To use the standard error technique, draw a bar chart of the means for each condition, with error bars (whiskers) stretching 1 standard error above and below the top of each bar. If we look at whether those error whiskers **overlap** or are substantially different, then we can make a rough judgement about whether the true means of those conditions are likely to be different. Suppose the error bars overlap - then it’s possible that the true means for both conditions are actually the same - in other words, that whether you use the Windows or Mac menubar design makes no difference to the speed of access. But if the error bars do not overlap, then it’s likely that the true means are different.

The error bars can also give you a sense of the reliability of your experiment, also called the **statistical power**. If you didn’t take enough samples - too few users, or too few trials per user - then your error bars will be large relative to the size of the data. So the error bars may overlap even though there really is a difference between the conditions. The solution is more repetition - more trials and/or more users - in order to increase the reliability of the experiment.

R is a good choice for a lot of statistical processing, because it’s free and very powerful. A good introduction to R is online at http://cran.r-project.org/doc/manuals/R-intro.html. Here’s how you can use R to create simple bar charts with error bars.

Plotting your data is the first step you should do after every experiment, to eyeball your results and judge whether statistical testing is worthwhile, or whether you need more data. It’s said that John Tukey, the Stanford statistician who gave his name to one of the statistical tests we’ll be talking about, refused to help anybody who hadn’t first gone off and plotted their data on a big piece of paper. Tukey’s excellent book *Exploratory Data Analysis* introduced the notion of a “box plot” (shown here on the right) which is even richer than a simple bar with error whiskers, showing 5 useful statistics about the spread of each data set in a single graphic. Don’t discount the value of your perceptual system for detecting patterns and really *appreciating* the size of effects.

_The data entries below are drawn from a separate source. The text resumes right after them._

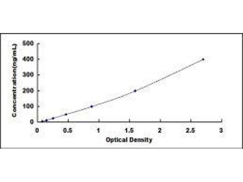 - Standard - Reconstitute the Standard with 1.0 mL of Standard Diluent, keep for 10 minutes at room temperature, shake gently (not to foam). The concentration of the standard in the stock solution is 800 ng/mL. Firstly dilute the stock solution to 400 ng/mL and the diluted standard serves as the highest standard (400 ng/mL). Then prepare 7 tubes containing 0.5 mL Standard Diluent and use the diluted standard to produce a double dilution series. Mix each tube thoroughly before the next transfer. Set up 7 points of diluted standard such as 400 ng/mL, 200 ng/mL, 100 ng/mL, 50 ng/mL, 25 ng/mL, 12.5 ng/mL, 6.25 ng/mL, and the last microcentrifuge tube with Standard Diluent is the blank as 0 ng/mL.
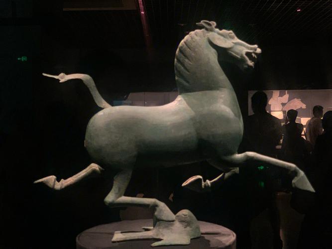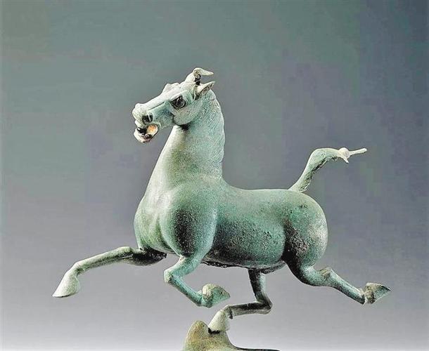 整个青铜器以一匹疾足奔驰的奔马为主题,马蹄巧妙地踏在一只飞翔的燕子身上,展现出一种独特的动感和力量。这种构思奇特的造型,不仅展现了东汉时期卓越的工艺技术水平,更展现了中国古代艺术家们的创新精神和文化自信。
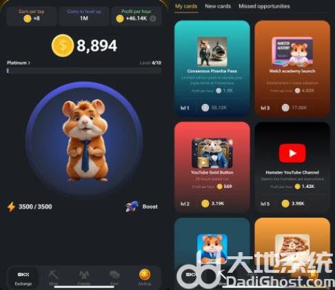除了邀请好友外,您还可以透过购买和升级您的卡片来增加每小时的利润。当日购买三张隐藏卡即可免费赚取500 万金币。
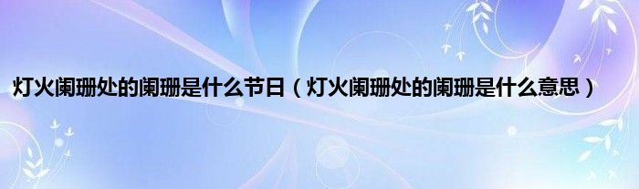 大家好,小科来为大家解答以上问题。灯火阑珊处的阑珊是什么节日,灯火阑珊处的阑珊是什么意思很多人还不知道,现在让我们一起来看看吧!
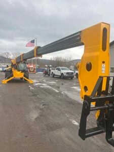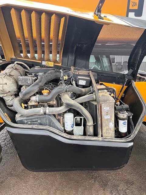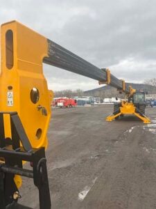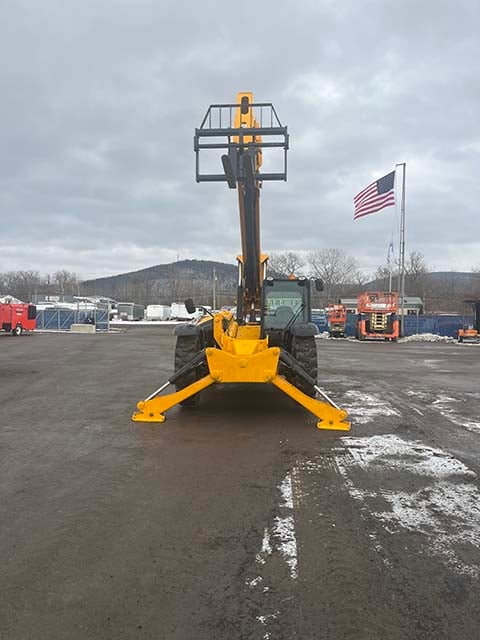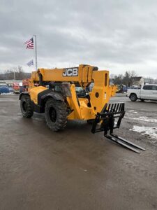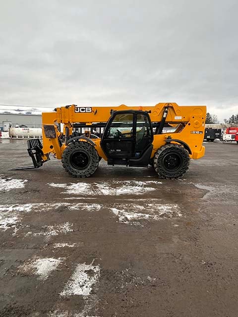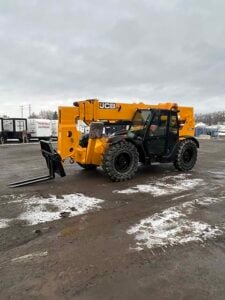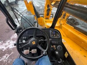 Factory Enclosed CAB w/ HEAT & AC, Outriggers/Stabilizers, JCB Turbo Diesel Engine w/ Block Heater – 109HP, Solid BOSS Tires, 4WD, Crab-Steering, Fenders, Work Lights, Lift Hook, Frame Leveling, Auxiliary Hydraulics, Quick Tach, QC Carriage w/ Forks, FRESH Service (Filters & Fluids), Touch-Up Paint & Decals, Fleet Maintained, Weighs 29430lbs
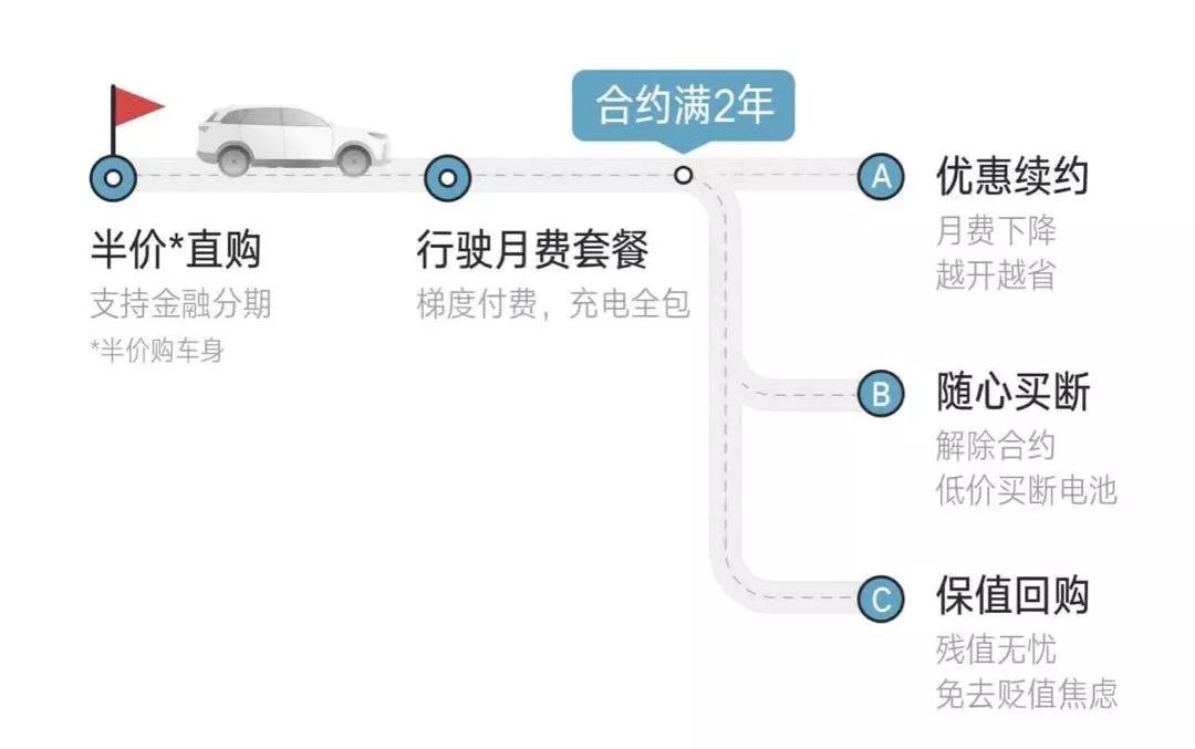 最后,在2年合约到期之后,消费者可以选择优惠续约(月费下降)、随心买断(解除合约、买断电池)、保值回购(6折回购)这三种之一。

If you want to publish the results of your experiment, you’ll need to do some statistical tests as well, like the t tests or ANOVAs we’ll talk about in the rest of this reading. But your paper should still have plots with error bars in it. Some researchers even argue that the error-bar plots are more valuable and persuasive than the statistical tests (G.R. Loftus, “A picture is worth a thousand p values: On the irrelevance of hypothesis testing in the microcomputer age,” *Behavior Research Methods, Instruments & Computers*, 1993, 25(2), 250–256), though this view is far from universally held.

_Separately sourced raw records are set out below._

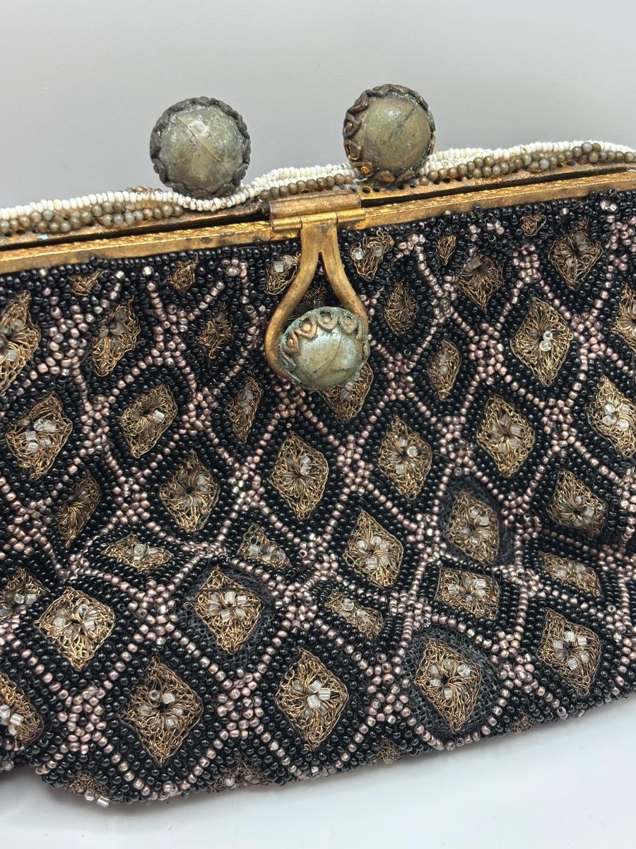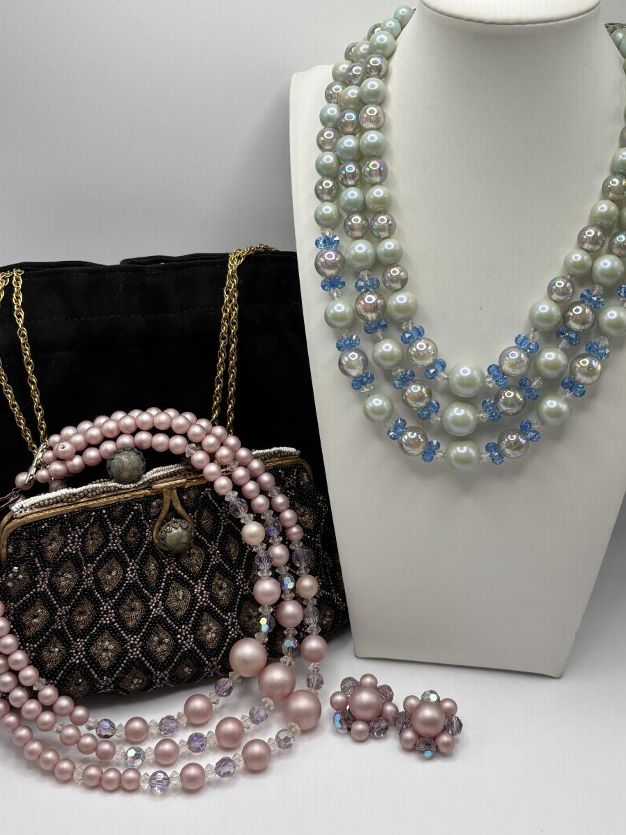 LOT. 112: Gorgeous Black & Gold Beaded Evening Purse, Triple Strand Faux Pearl & Crystal Necklaces & More
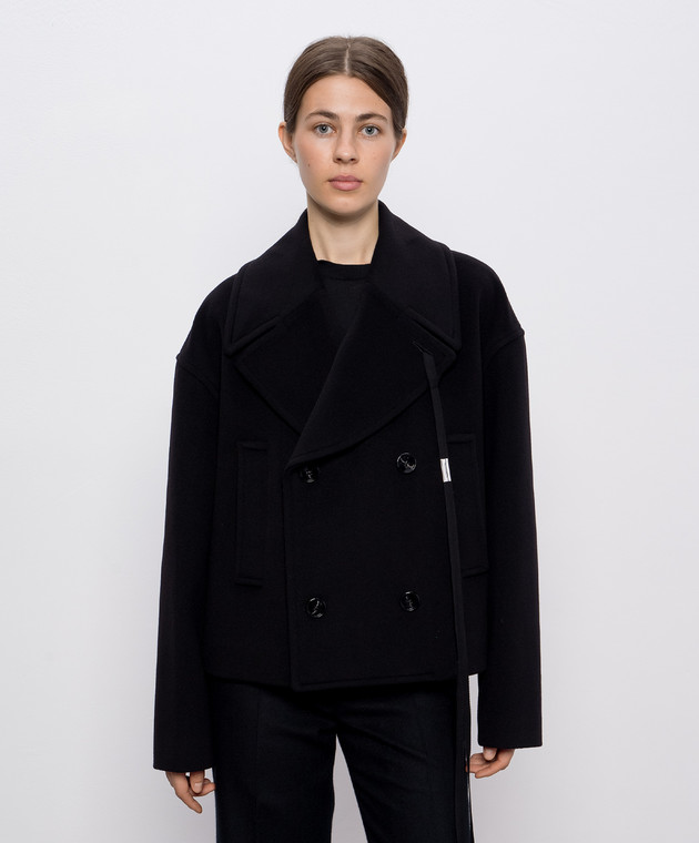 Чорне укорочене двобортне пальто Ulrica з вовни і кашеміру
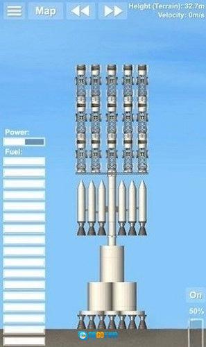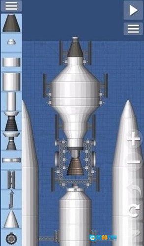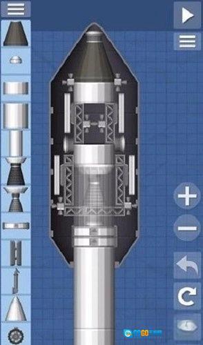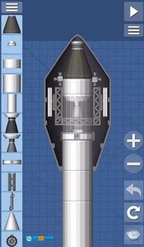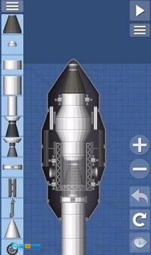 这个火箭是比较简单的火箭样式,里面搭载了一个小型的卫星,超长的燃料箱以及两个辅助的燃料箱提供更多的燃料补给。

Be warned that nonoverlapping error bars is only a rough indicator; it does not imply a statistically significant difference (i.e., p < 0.05). For that, you have to actually do the t test or ANOVA test, which is what we’ll turn to now. For more explanation, see Harvey Motulsky, “The link between error bars and statistical significance”, 2002; and Dave Munger, “Most researchers don’t understand error bars”, March 2007.

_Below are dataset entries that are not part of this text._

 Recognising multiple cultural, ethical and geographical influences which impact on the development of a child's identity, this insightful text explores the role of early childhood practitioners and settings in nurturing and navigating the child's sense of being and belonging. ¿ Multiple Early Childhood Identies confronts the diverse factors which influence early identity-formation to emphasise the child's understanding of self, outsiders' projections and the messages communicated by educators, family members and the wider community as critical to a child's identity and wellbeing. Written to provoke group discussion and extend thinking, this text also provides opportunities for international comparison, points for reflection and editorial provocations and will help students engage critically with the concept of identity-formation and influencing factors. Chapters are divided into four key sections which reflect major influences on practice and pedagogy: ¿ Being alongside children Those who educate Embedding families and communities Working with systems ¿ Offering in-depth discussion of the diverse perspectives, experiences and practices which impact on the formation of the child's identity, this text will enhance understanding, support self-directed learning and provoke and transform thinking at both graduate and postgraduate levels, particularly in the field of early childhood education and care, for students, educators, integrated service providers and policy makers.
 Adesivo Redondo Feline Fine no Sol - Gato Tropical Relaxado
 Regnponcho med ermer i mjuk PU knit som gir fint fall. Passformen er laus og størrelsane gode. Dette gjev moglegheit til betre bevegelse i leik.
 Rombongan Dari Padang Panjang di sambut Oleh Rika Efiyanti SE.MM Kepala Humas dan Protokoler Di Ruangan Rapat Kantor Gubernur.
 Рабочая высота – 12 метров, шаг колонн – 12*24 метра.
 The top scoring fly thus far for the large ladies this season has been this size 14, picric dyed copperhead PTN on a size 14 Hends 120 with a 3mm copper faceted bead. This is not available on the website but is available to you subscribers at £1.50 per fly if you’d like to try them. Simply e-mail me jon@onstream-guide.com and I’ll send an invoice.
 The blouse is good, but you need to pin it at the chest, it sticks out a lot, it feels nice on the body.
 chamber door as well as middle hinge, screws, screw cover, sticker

Our hypothesis is that the position of the menubar makes a difference in time. Another way of putting it is that the (noisy) process that produced the Mac access times is **different** from the process that produced the Windows access times. Let’s make the hypothesis very specific: that the mean access time for the Mac menu bar is less than the mean access time for the Windows menu bar.

In the presence of randomness, however, we can’t really *prove* our hypothesis. Instead, we can only present evidence that it’s the best conclusion to draw from all possible other explanations. We have to argue against a skeptic who claims that we’re wrong. In this case, the skeptic’s position is that the position of the menu bar makes *no* difference; i.e., that the process producing Mac access times and Windows access times is the same process, and in particular that the mean Mac time is equal to the mean Windows time. This hypothesis is called the **null hypothesis**. In a sense, the null hypothesis is the “default” state of the world; our own hypothesis is called the **alternative hypothesis**.

Our goal in hypothesis testing will be to accumulate enough evidence - enough of a difference between Mac times and Windows times - so that we can **reject the null hypothesis** as very unlikely.

Here’s the basic process we follow to determine whether the measurements we made support the hypothesis or not.

We summarize the data with a **statistic** (which, by definition, is a function computed from a set of data samples). A common statistic is the mean of the data, but it’s not necessarily the only useful one. Depending on what property of the process we’re interesting in measuring, we may also compute the variance (or standard deviation), or median, or mode (i.e., the most frequent value). Some researchers argue that for human behavior, the median is a better statistic than the mean, because the mean is far more distorted by outliers (people who are very slow or very fast, for example) than the median.

Then we apply a **statistical test** that tells us whether the statistics support our hypothesis. Two common tests for means are the **t test** (which asks whether the mean of one condition is different from the mean of another condition) and **ANOVA** (which asks the same question when we have the means of three or more conditions).

The statistical test produces a **p value**, which is the probability that the difference in statistics that we observed happened purely by chance. Every run of an experiment has random noise; the p value is basically the probability that the means were different only because of these random factors. Thus, if the p value is less than 0.05, then we have a 95% confidence that there really is a difference. (There’s a more precise meaning for this, which we’ll get to in a bit.)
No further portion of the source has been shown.